PagedAttention Core Idea:
┌────────────────────────────────────────────────────────────┐
  Traditional: Contiguous memory allocation                  
                                                            
  Sequence A: [████████████████████░░░░░░]  (padding waste) 
  Sequence B: [██████████░░░░░░░░░░░░░░░░]  (more waste)    
                                                            
  PagedAttention: Non-contiguous block allocation           
                                                            
  Block Pool: [B1][B2][B3][B4][B5][B6][B7][B8]...           
                                                            
  Sequence A  [B1, B3, B5, B7] (only what's needed)        
  Sequence B  [B2, B4] (efficient)                         
                                                            
  Advantages:                                               
  - Minimize memory waste                                   
  - Dynamic allocation/deallocation                         
  - Copy-on-Write support (beam search efficiency)          
└────────────────────────────────────────────────────────────┘

2.2 Using vLLM

from vllm import LLM, SamplingParams

class VLLMInference:
    """vLLM inference engine"""

    def __init__(
        self,
        model_name: str,
        tensor_parallel_size: int = 1,
        gpu_memory_utilization: float = 0.9
    ):
        self.llm = LLM(
            model=model_name,
            tensor_parallel_size=tensor_parallel_size,
            gpu_memory_utilization=gpu_memory_utilization,
            trust_remote_code=True
        )

    def generate(
        self,
        prompts: list,
        max_tokens: int = 256,
        temperature: float = 0.7,
        top_p: float = 0.9
    ):
        """Batch generation"""
        sampling_params = SamplingParams(
            temperature=temperature,
            top_p=top_p,
            max_tokens=max_tokens
        )

        outputs = self.llm.generate(prompts, sampling_params)

        results = []
        for output in outputs:
            generated_text = output.outputs[0].text
            results.append({
                "prompt": output.prompt,
                "generated": generated_text,
                "tokens": len(output.outputs[0].token_ids)
            })

        return results

    def streaming_generate(self, prompt: str, **kwargs):
        """Streaming generation"""
        from vllm import AsyncLLMEngine, AsyncEngineArgs

        # Async engine needed
        engine_args = AsyncEngineArgs(model=self.model_name)
        engine = AsyncLLMEngine.from_engine_args(engine_args)

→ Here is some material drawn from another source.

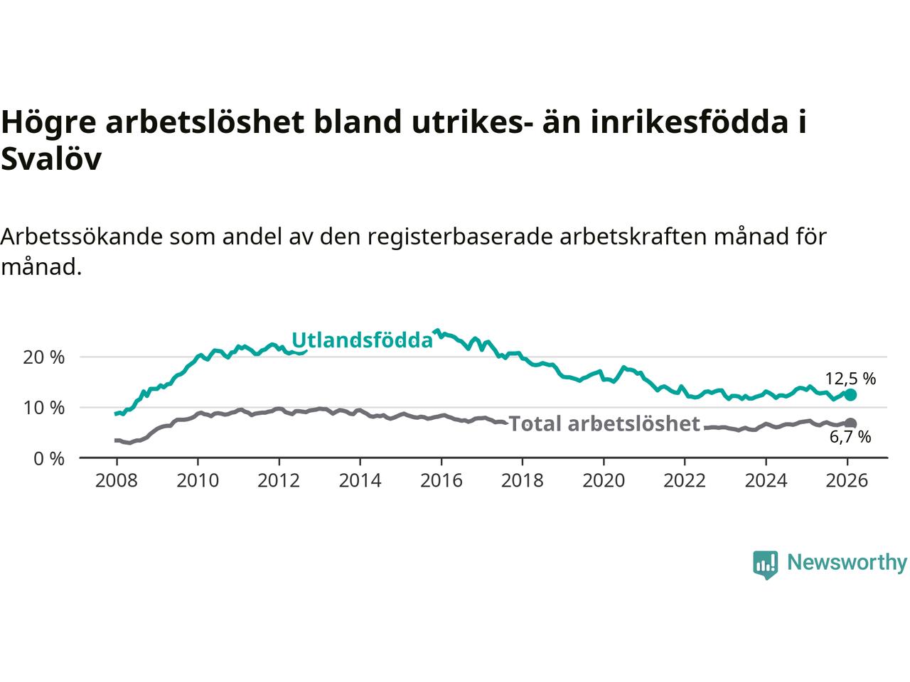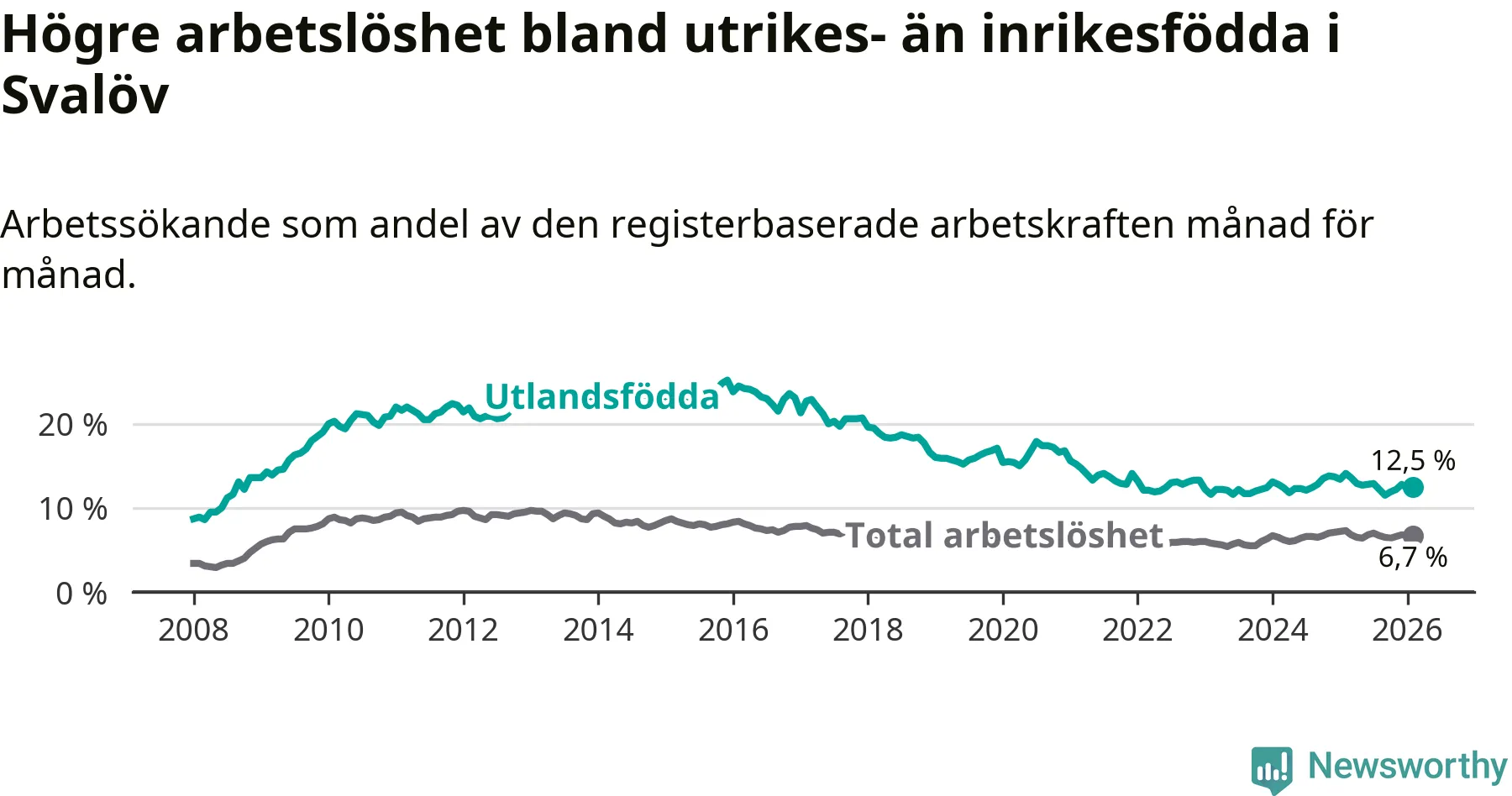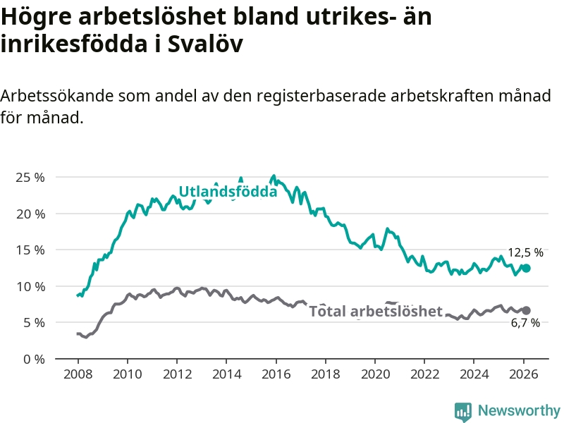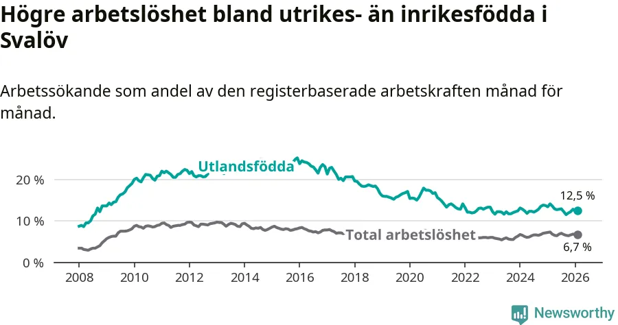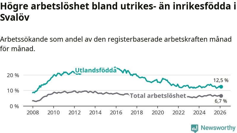 Skillnaden i arbetslöshet mellan utrikesfödda och hela befolkningen är 5,8 procentenheter i Svalöv. Det är en mindre skillnad än för ett år sedan (−1,0 procentenheter).

        # Streaming implementation requires separate async code


# Running vLLM server
"""
python -m vllm.entrypoints.openai.api_server \
    --model meta-llama/Llama-2-7b-chat-hf \
    --tensor-parallel-size 2 \
    --port 8000
"""

# Using OpenAI-compatible API
import openai

client = openai.OpenAI(
    base_url="http://localhost:8000/v1",
    api_key="dummy"
)

response = client.chat.completions.create(
    model="meta-llama/Llama-2-7b-chat-hf",
    messages=[{"role": "user", "content": "Hello!"}]
)

3. Text Generation Inference (TGI)

3.1 TGI Features

TGI (HuggingFace):
┌────────────────────────────────────────────────────────────┐
│  Core Features:                                            │
│  - Continuous batching                                     │
│  - Flash Attention 2                                       │
│  - Tensor parallelism                                      │
│  - Token streaming                                         │
│  - Quantization (GPTQ, AWQ, EETQ)                         │
│  - Watermarking                                            │
│                                                            │
│  Supported Models:                                         │
│  - LLaMA, Mistral, Falcon                                 │
│  - GPT-2, BLOOM, StarCoder                                │
│  - T5, BART                                               │
└────────────────────────────────────────────────────────────┘

3.2 Using TGI

# Running TGI with Docker
"""
docker run --gpus all --shm-size 1g -p 8080:80 \
    -v $PWD/data:/data \
    ghcr.io/huggingface/text-generation-inference:latest \
    --model-id meta-llama/Llama-2-7b-chat-hf \
    --num-shard 2 \
    --quantize awq
"""

from huggingface_hub import InferenceClient

class TGIClient:
    """TGI client"""

    def __init__(self, endpoint: str = "http://localhost:8080"):
        self.client = InferenceClient(endpoint)

    def generate(
        self,
        prompt: str,
        max_new_tokens: int = 256,
        temperature: float = 0.7,
        stream: bool = False
    ):
        """Generate"""
        if stream:
            return self._stream_generate(prompt, max_new_tokens, temperature)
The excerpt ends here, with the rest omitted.